Whitewater rafting is an adrenaline-packed summer activity, and part of the thrill is the danger of going into the drink.

Even the most experienced paddlers can easily be taken by surprise by a quick flip, but it doesn’t need to put a damper (so to speak) on the weekend. Here’s a primer on how to make the best of a big swim.


Paddle Hard
Heed whatever paddling instructions the guide is shouting at you. Some flips can be sudden and violent, but the majority of rafting flips involve at least a few seconds of warning. If you start hearing expletives from the stern, it’s a good time to hang on.

Brace for Impact
Weight-shift flips are common. An impact from a big rock or wave can send bodies flying like rag dolls, throwing off the balance of the boat. Keeping your feet braced in well can prevent weight shifts that result in flips.

Get to the High Side
No, not the side of the boat with all the hippies. When one side of the boat starts to dive down, scramble for the opposite higher side, and hang on. The extra weight can help sit the raft back down to prevent a flip.


Keep Your Mouth Closed
It’s shocking to suddenly find yourself in the water, but try not to take big gulps of air out of panic. Keeping your mouth mostly closed, try taking small sips of air, like you’re drinking through a straw, and only when you can see that you’re not about to get smashed in the face by a wave. Once you aspirate water, all the coughing makes it difficult to catch a breath, which is how you end up on your hands and knees puking in the sand while your friends laugh.

Get Your Feet Up!
As humans, our reflexive response to being plunged into the water is usually to try and put our feet down, but in a whitewater setting, that’s the worst thing you can do. The topography of the riverbed is usually uneven, covered in boulders and rocks of all shapes and sizes. If your dangling feet get wedged into the rocks, the force of the current at your back can push you down like a pendulum to the bottom of the river, which is called foot or leg entrapment. To prevent this, use the defensive whitewater swimming position. Lift your feet to the surface and use your arms to maneuver. Lying on your back, point your feet downstream so that you can see any approaching obstacles. This is commonly called “nose, knees, toes” because these are the appendages that should be sticking out of the water.

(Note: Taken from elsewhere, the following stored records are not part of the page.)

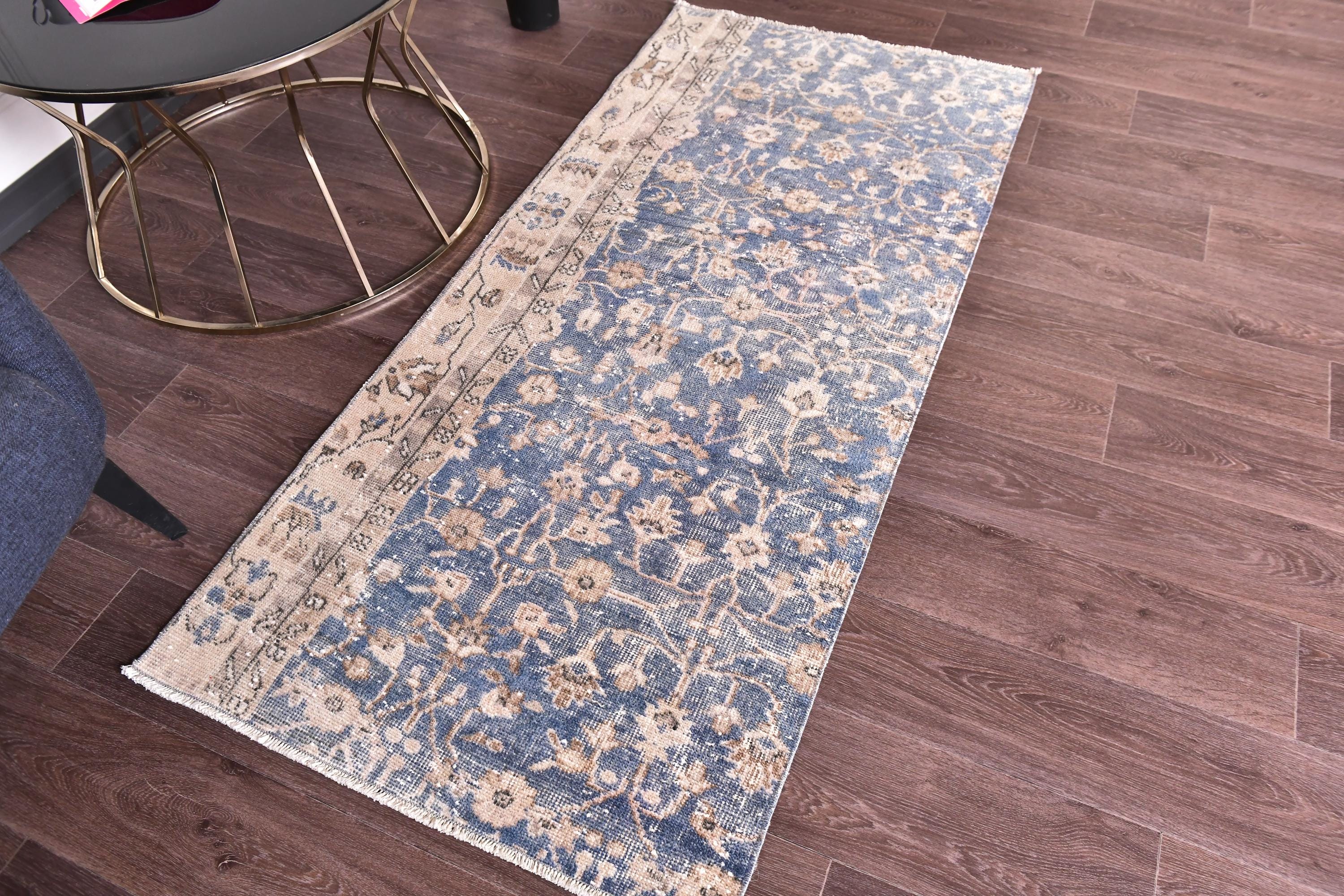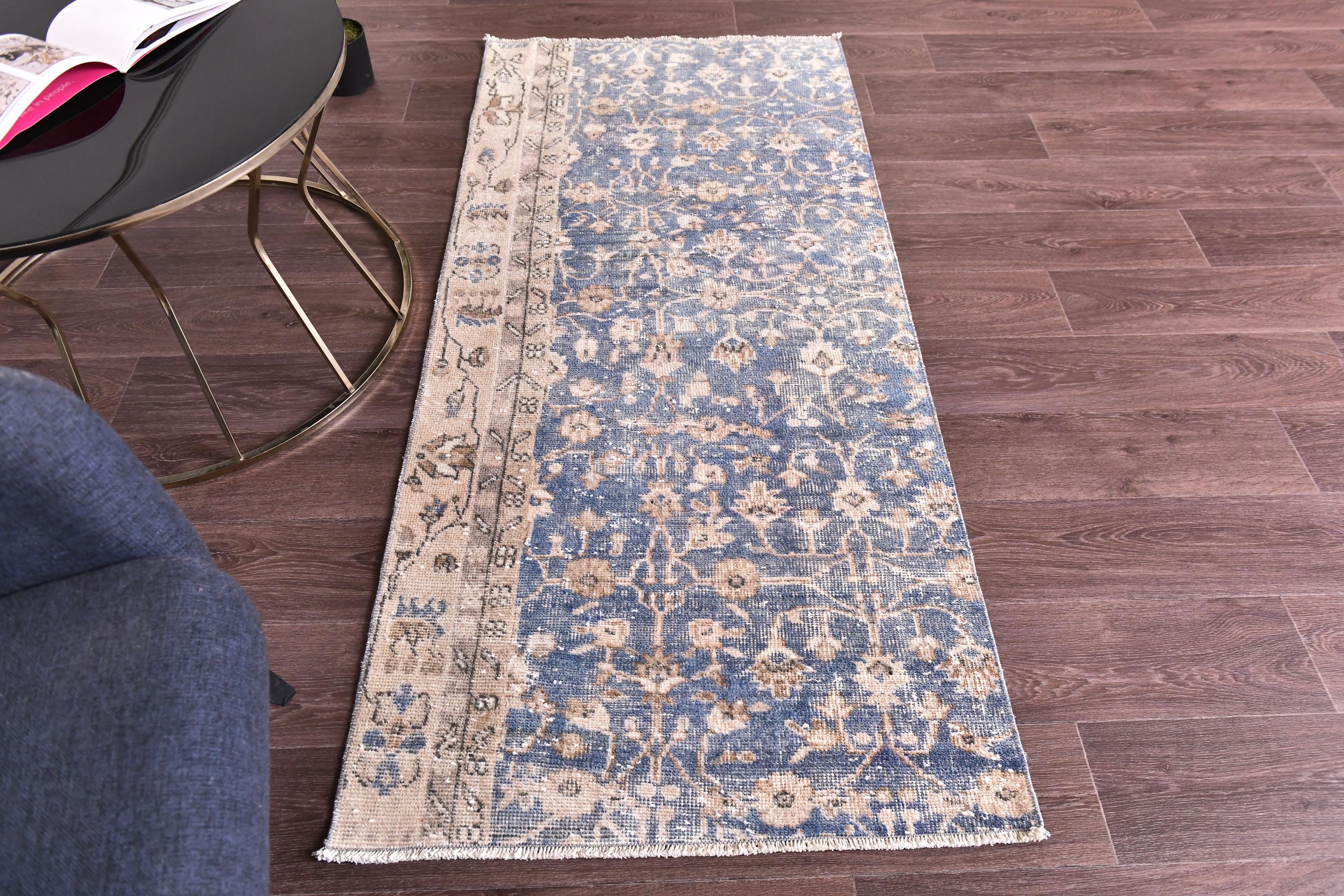 Vintage Runner Rug 3x9, Vintage Distressed Rug,Vintage Turkish Runner Rug, Wool Runner Rugs 3x9, Dark Brown and Gray Runner Rugs
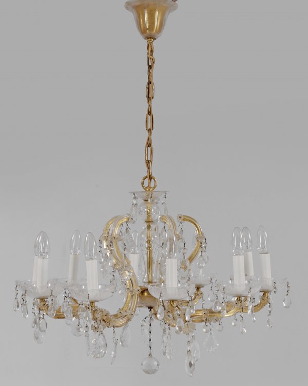 Maria Theresia-Deckenlüster 10-flg.; Farbloses Glas und goldfarbenes Metall. Stark geschwungene Streben als Träger für Leuchtmittel in Form von zylinderförmigen Tüllen über großen Traufschalen. Reicher Behang aus facettierten Prismen. Lange Kettenaufhängung. Elektrifiziert. Teilw. besch.; Lampen-H. 47 cm. D. 70 cm. Ges.-H. 100 cm.
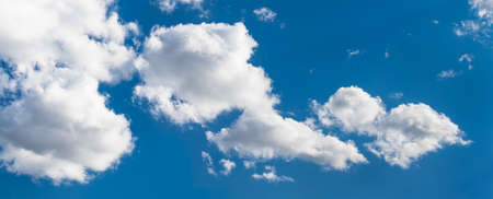 Sunlit white clouds on blue sky in abstract panoramic cloudscape background. Scenic panorama with beautiful group of fluffy cloud cumuli in summer clear air at hot sunny wheather. Nature conservation.
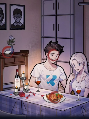 2、来到场景二之后,我们找到下面这些可疑点:男生的笑容、牛排、桌上的手术单、地上的手术刀,左滑女生后面的柜子,找到麻药。
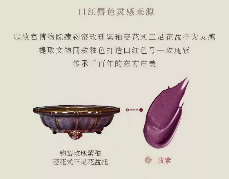 唇色灵感源自故宫博物院藏钧窑玫瑰紫釉菱花式三足花盆托,薄涂减龄厚涂气场夺目,超级显白提气场。
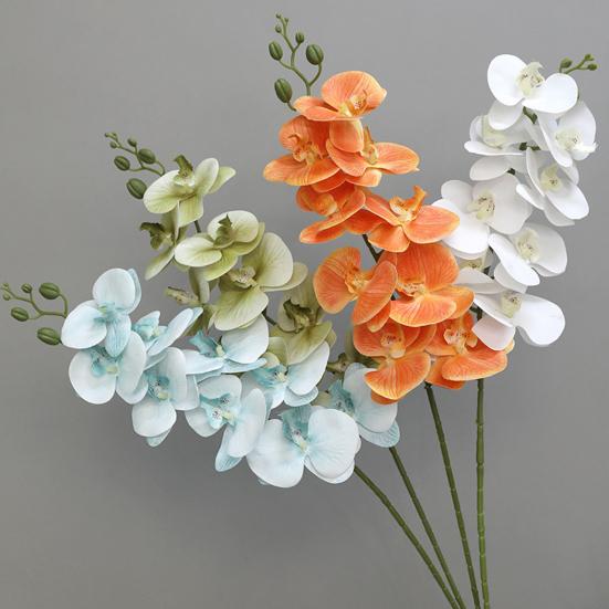 Искусственные орхидеи-мотыльки со стеблем, 9 головок, реалистичные поддельные фаленопсисы, стол для домашнего офиса, центральная часть из искусственного шелка, цветочная ветка, цветочная композиция белый
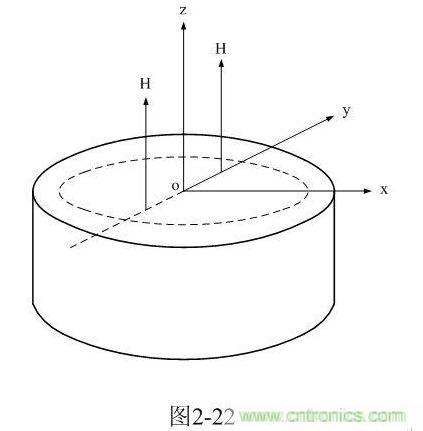 從圖2-19可以看出,磁場(chǎng)強(qiáng)度由H = Hz:和Hx = Hy = 0組成;對(duì)于電場(chǎng)強(qiáng)度,其指向平行于Y軸為E = Ey,Ex = Ez = 0。因此,上面兩式又可以改寫為:

When the raft flips, you will almost always surface in one of two places:

Location 1: Underneath the Raft
Congratulations! You know exactly where the raft is. Now get out from under it. It’s tempting to get comfortable for a moment; the compartments of the raft form cozy little air chambers that momentarily shield you from the waves and chaos on the other side. Whatever you do, don’t hang out under there–somebody on the other side is doing a headcount and panicking when they come up short! Put your hands above you and walk yourself out, hand-over-hand, in one direction.

Location 2: Near the Raft
Remember, self-rescue is always the most effective. As soon as your head surfaces the water, identify where the raft is, roll onto your stomach, and aggressively swim back towards it. Once you reach the raft, grab on to the chicken line (a length of webbing rigged around the perimeter of the boat) if possible.


Pillow Rock Rapid, Upper Gauley, West Virginia. Photo Credit: Kip Conklin


Once the raft is upside down, the guide has two possible courses of action. Now is not the time for a test of wills or second-guessing: roll with whichever he or she chooses.

Option 1: Flip the Raft Back Over
Depending on several variables (the size of the raft, the amount of gear rigged into it, and whether there’s an oar frame involved) the guide may or may not be able to flip the raft back over single-handedly. If they need help, they’ll let you know. The guide will scramble onto the bottom of the upside-down raft, grab (or clip in) a flip line, and then lean back to use gravity to flip the boat back over. However, this task is virtually impossible if there are people hanging onto the sides of the raft–so if your guide is screaming to let go, for the love of all that is holy, LET GO. Once the boat is right side up, the guide will climb back in and start shouting instructions, but as soon as that happens, feel free to take the initiative and start climbing back in so you can help others.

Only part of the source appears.